A Trump supporter nailed it: “When Trump talks, you’re always trying to catch him up on something, to catch him in a mistake. And then you do, but it doesn’t make any difference. Because it’s not about that. It’s not a game. It’s real communication, person to person.”

Trump knows that keeping his supporters happy is not about telling the truth – ‘it’s not about that’ – hence the blend of entertainment and politics that make up his rallies. His ability to perform blurs the distinction between truth and parody: did he really say ‘When I hear the word “culture”, I reach for my dick’?

Photo by Peter van Agtmael.
Magnum Photos

The photographs in the book are by Susan Meiselas and Peter van Agtmael and they convey the mystifying mix of reality and fantasy that pervades politics in and beyond America.

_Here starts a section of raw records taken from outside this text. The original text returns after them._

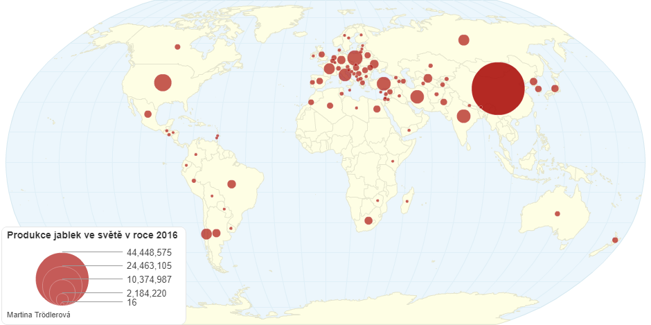 Produkce jablek v EvropÄ› od roku 2015 do roku 2017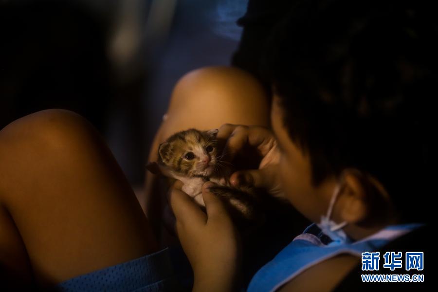 11月12日,在菲律宾奎松城的一处安置点,一名男孩和小猫玩耍。新华社发(乌马利摄)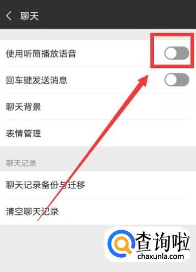 进入之后,将图示位置的“使用听筒播放声音”的开关关闭掉即可解决这个问题,如图所示。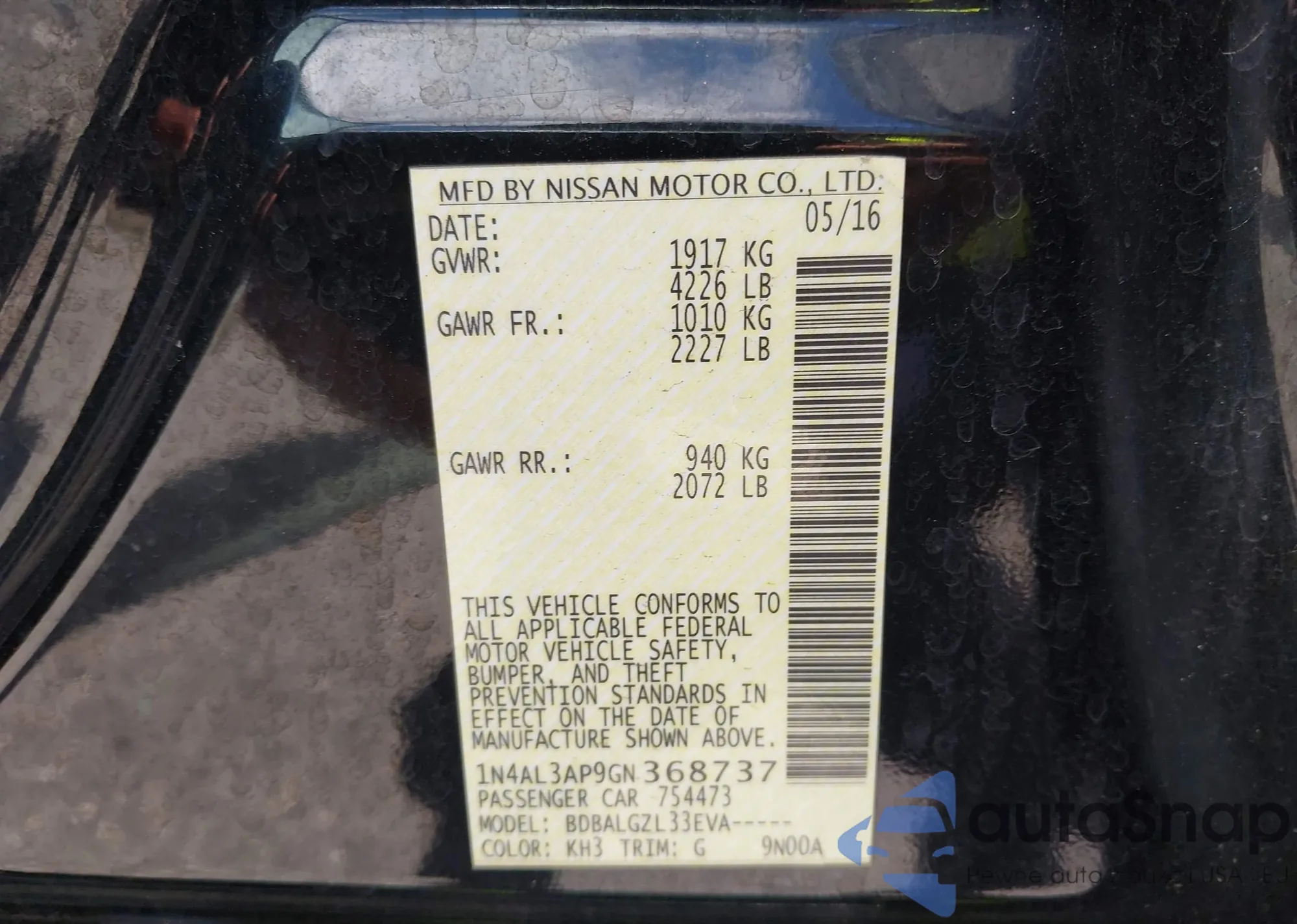• VIN 1N4AL3AP7DN531851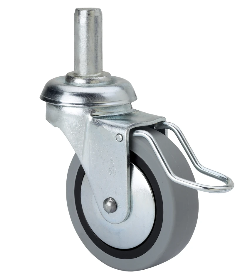 Made of pressed steel castor up to 2 mm. Finish: Zinc-plated.Ball bearing swivel head. Rubber wheels Ø 50 and 60 mm with threadguards. Manufactured to European standards EN 12528.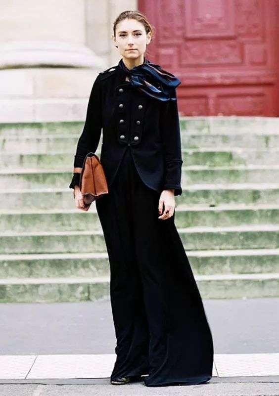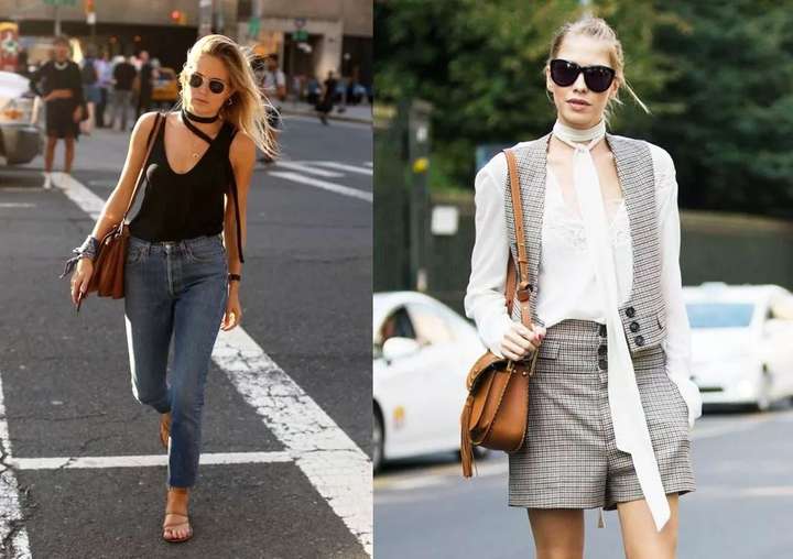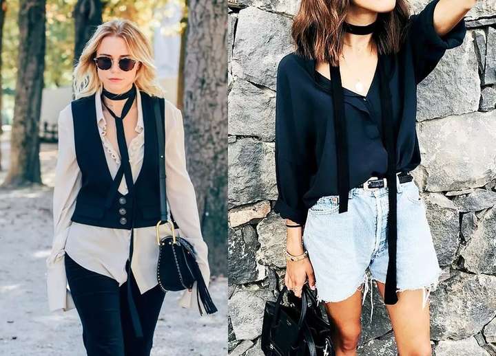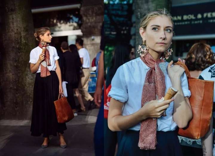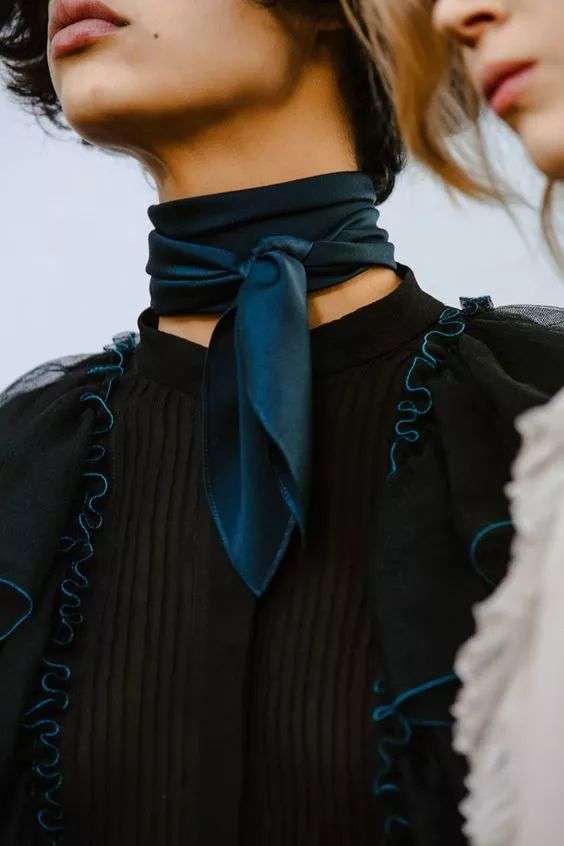上面介绍的丝巾如果你觉得还是很难hold住,最近两年流行的系带衬衫和黑白窄丝巾值得懒人一试。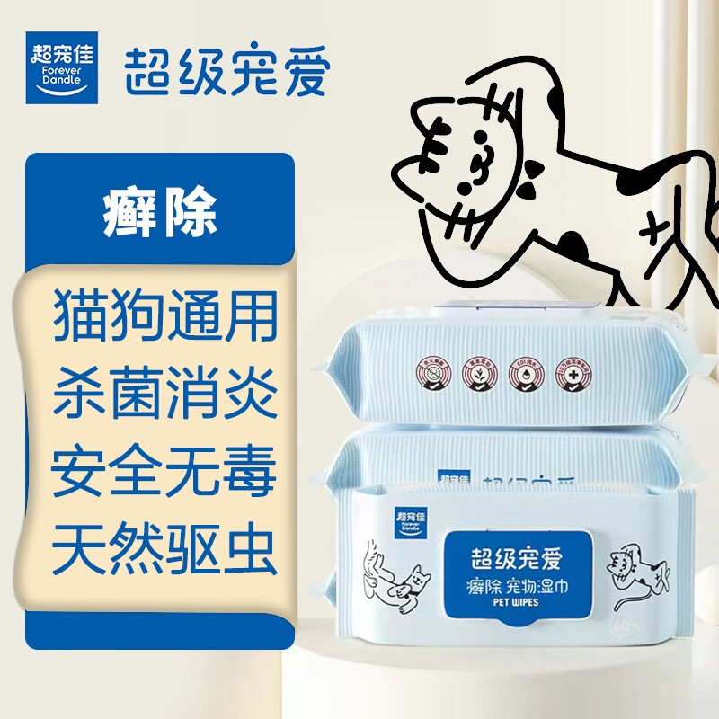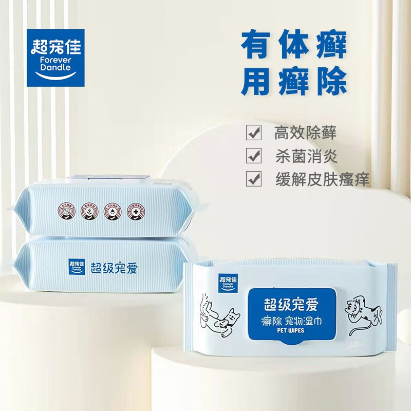 超宠宠物湿巾猫狗通用 EDI纯水湿巾无酒精0添加经口无毒除癣清新口气淡化泪痕防虫叮咬杀菌消炎杀菌消炎 宠物除癣湿巾 60抽*4包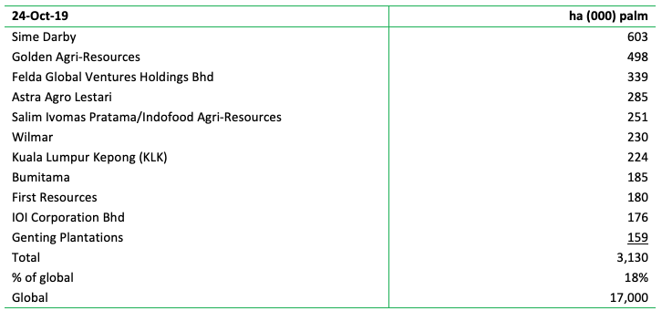 FGV (2 percent) and IOI (0 percent) have a low exposure. First Resources (11 percent), Kuala Lumpur Kepong/KLK (8 percent), GAR (8 percent), Genting (7 percent) and Sime Darby (6 percent) have limited exposure.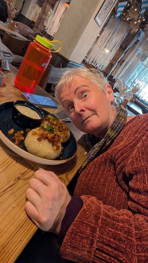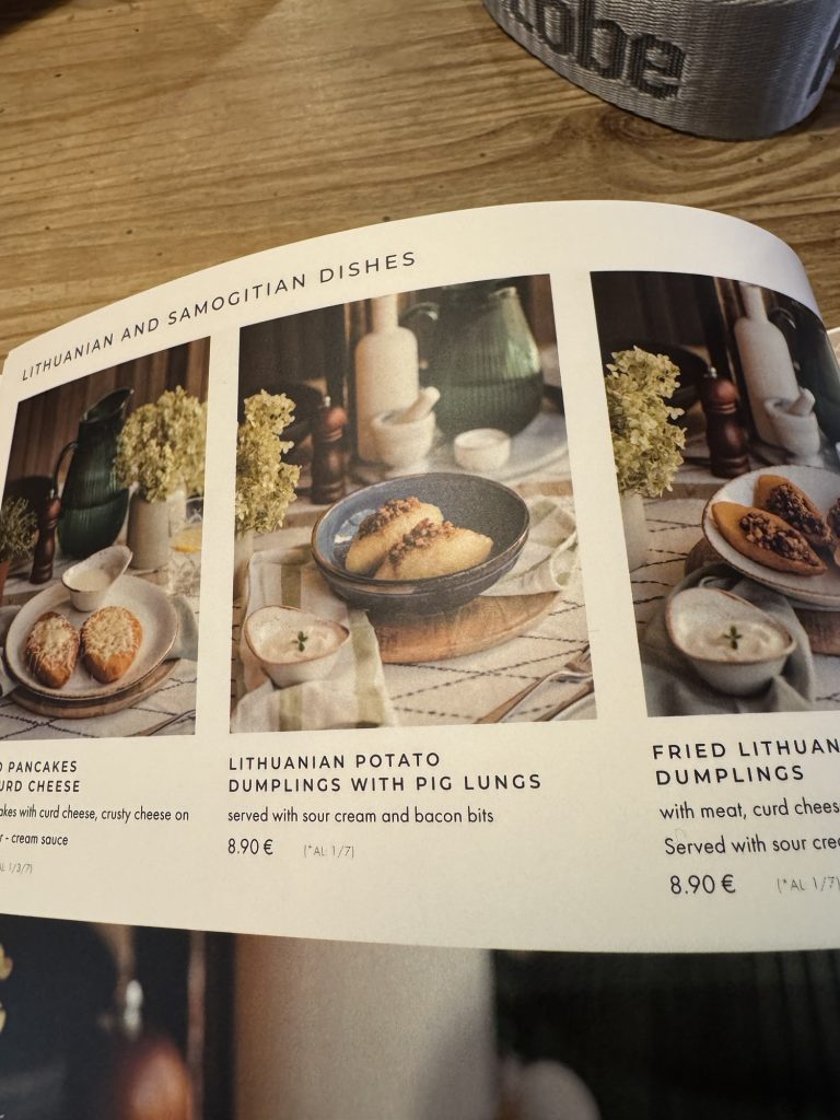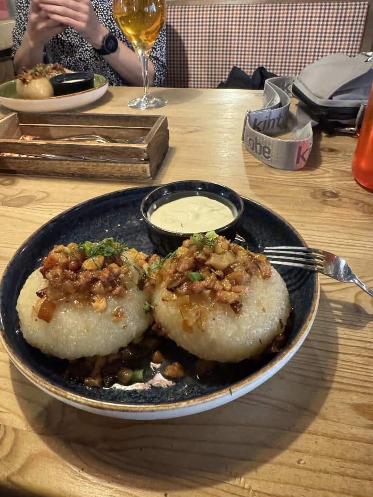 Liga was adamant that we had to try the potato dumplings. James, being Irish, needed no convincing, though we both drew the line at the pig lungs. We ordered a plate of two dumplings each, his filled with meat and mine with cheese.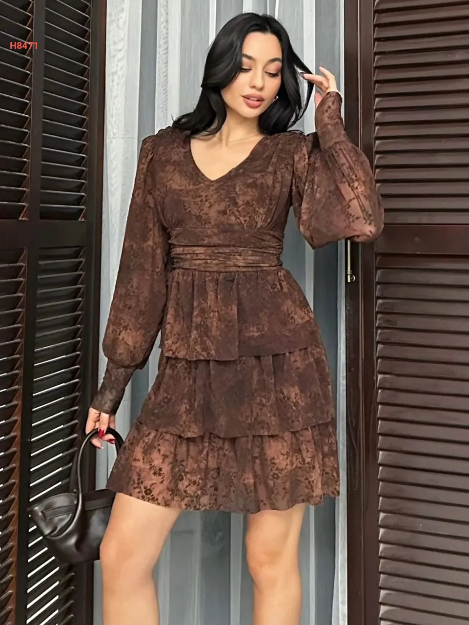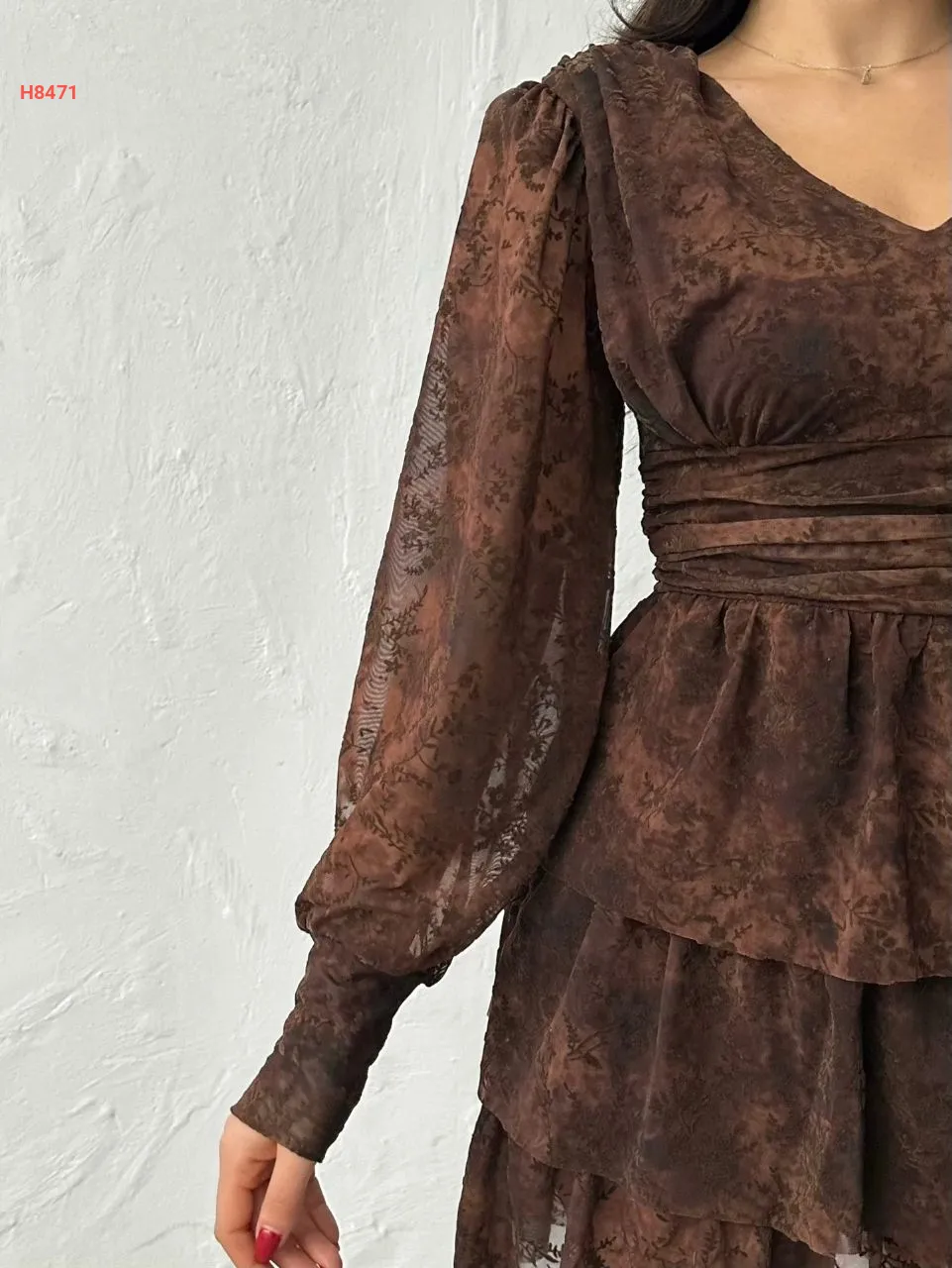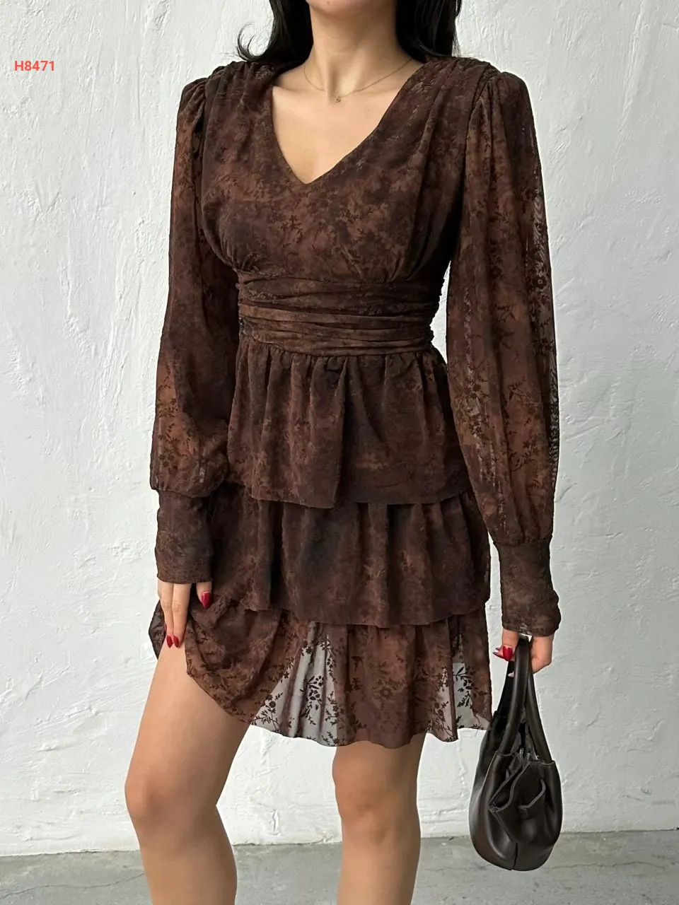 فستان قصير كشكش شفاف منقوش

As well as hundreds of local police, thousands of officers from other states and 3,000 Department of Homeland Security personnel were part of the infrastructure at Cleveland ($50 million for the convention’s security, 2,000 sets of riot gear and the same number of steel batons).

The photograph of the police presence brings to mind the murder of George Floyd.

There are also photos of transfixed supporters (who call Trump their ‘Messenger’) and their Make America Great Again posters, caps and T-shirts.

They believe in a rapture that bundles ideology, religion, nationalism and an entrenched racism, the legacy of slavery.

Photo by Peter van Agtmael.
Magnum Photos

Marx writes in The Holy Family how for some people figments of the brain can assume bodily form – ‘ a world of tangible, palpable ghosts is begotten within his mind’ – and that this  is the secret of all ‘pious visions’ and ‘ the general form of insanity’.

Such a psychopathology explains Trump’s support and the insanity could re-elect him.

“Co-illusion: dispatches from the end of communication”, by David Levi Strauss, is published by The MIT Press.